=== TASK DESCRIPTION ===
Retype, exactly and with nothing added, the lines from the one showing "Ручка довжиною 257" through the final line of the material. Omit pictures.

=== COLLECTED MATERIAL ===
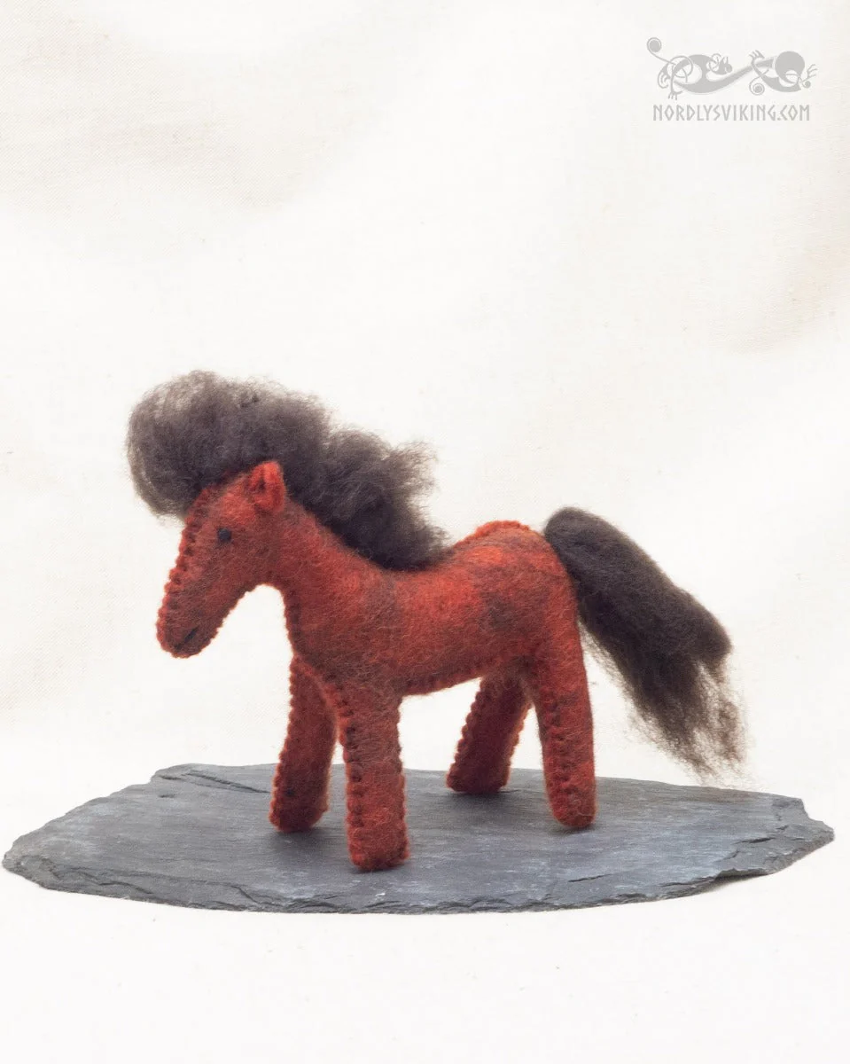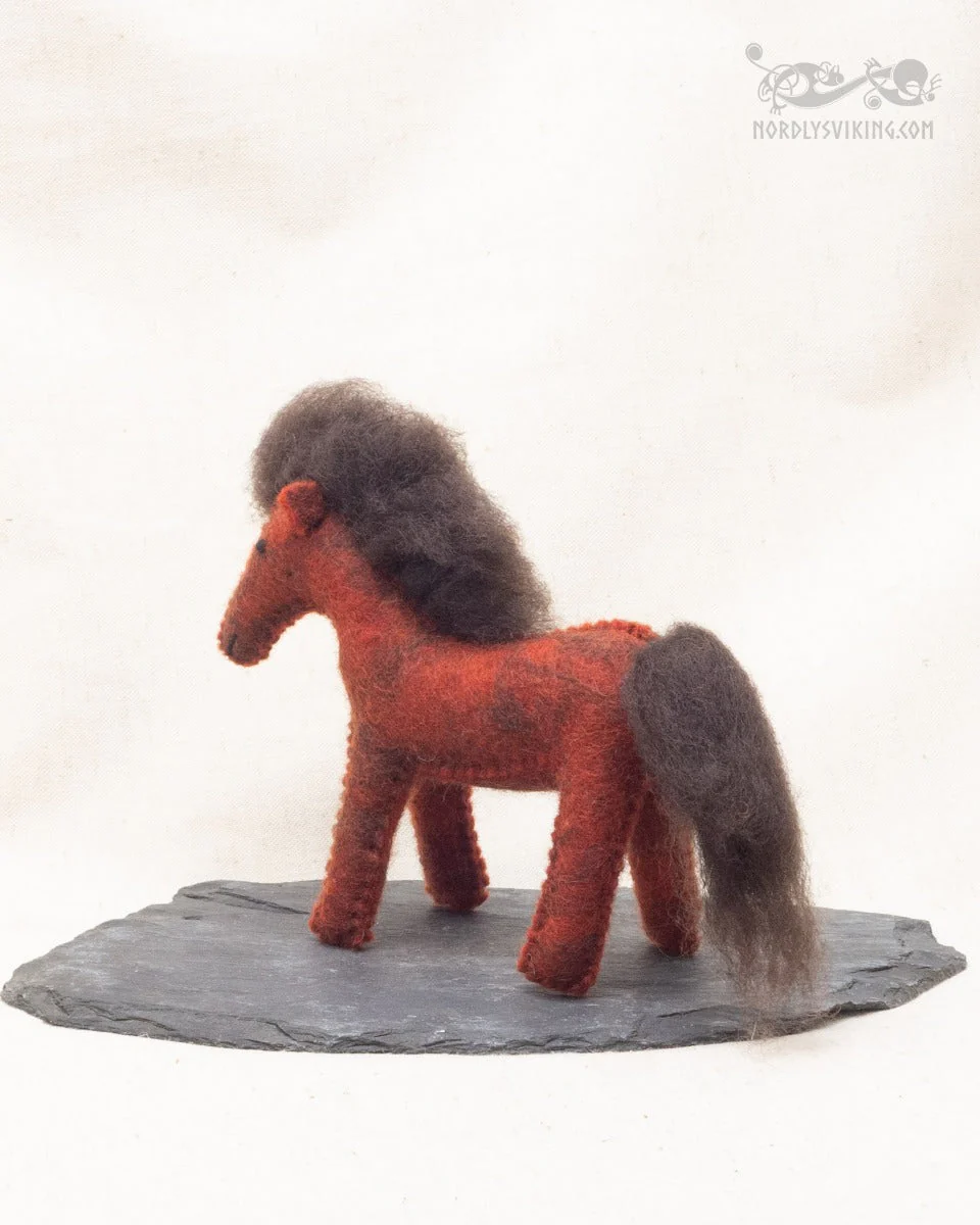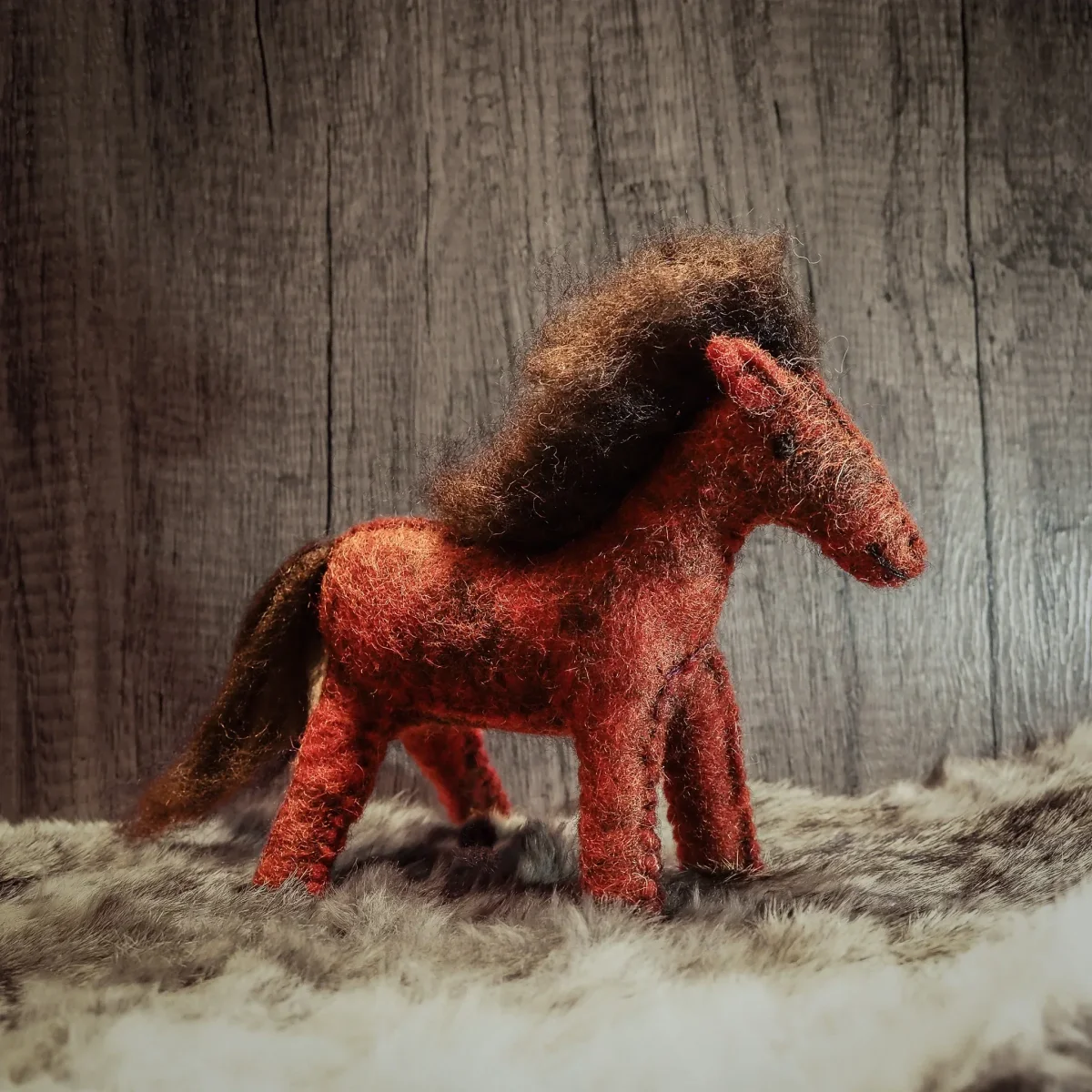 Tovad fux färgad häst i brunmelerad ull. Alla våra tovade djur är fria från plastmaterial och färgade med vattenbaserad giftfri färg. Tovningen görs helt utan skadliga kemikalier. Det är bara varmt vatten och såpa som tillsätts. Även stoppningen är 100% ull.
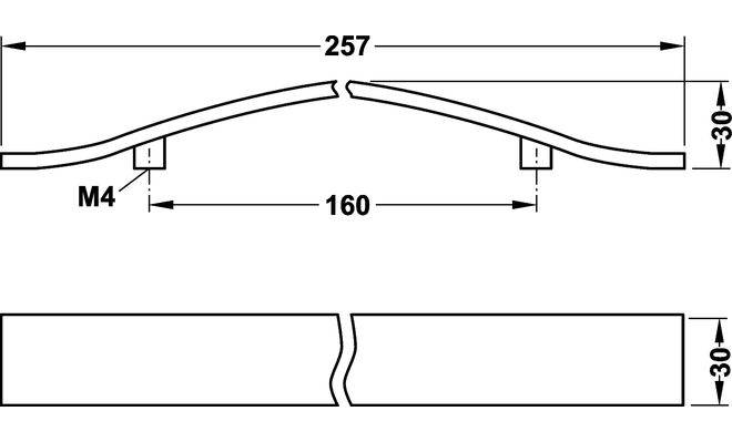 Ручка довжиною 257 мм типу дуга, матеріал — алюміній, кольору нержавіючої сталі з матовою поверхнею. Може застосовуватись для меблів з деревини. Завдяки своєму кольору і матеріалу, Ручка чудово підходить до багатьох меблевих виробів.
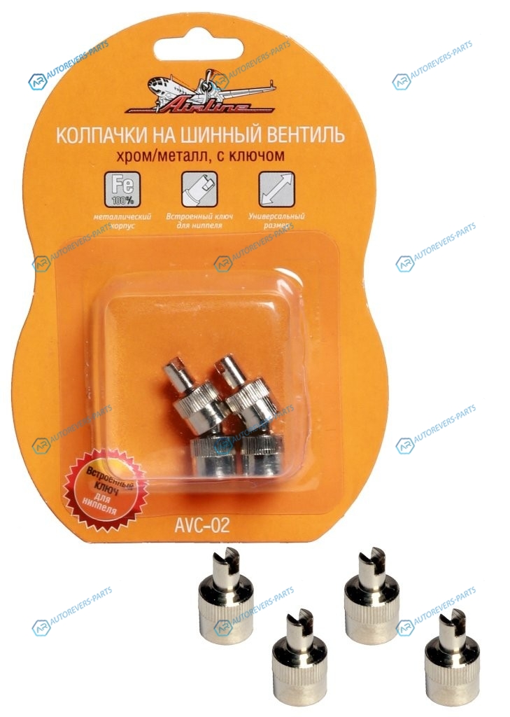 Купить AVC-02 Колпачки на шинный вентиль с ключом. хром. металл 4 шт.. комплект AIRLINE на автомобили и оформить заказ вы можете у нас на сайте или позвонить нашему консультанту.

=== SOLUTION TO THIS EXERCISE ===
 Ручка довжиною 257 мм типу дуга, матеріал — алюміній, кольору нержавіючої сталі з матовою поверхнею. Може застосовуватись для меблів з деревини. Завдяки своєму кольору і матеріалу, Ручка чудово підходить до багатьох меблевих виробів.
 Купить AVC-02 Колпачки на шинный вентиль с ключом. хром. металл 4 шт.. комплект AIRLINE на автомобили и оформить заказ вы можете у нас на сайте или позвонить нашему консультанту.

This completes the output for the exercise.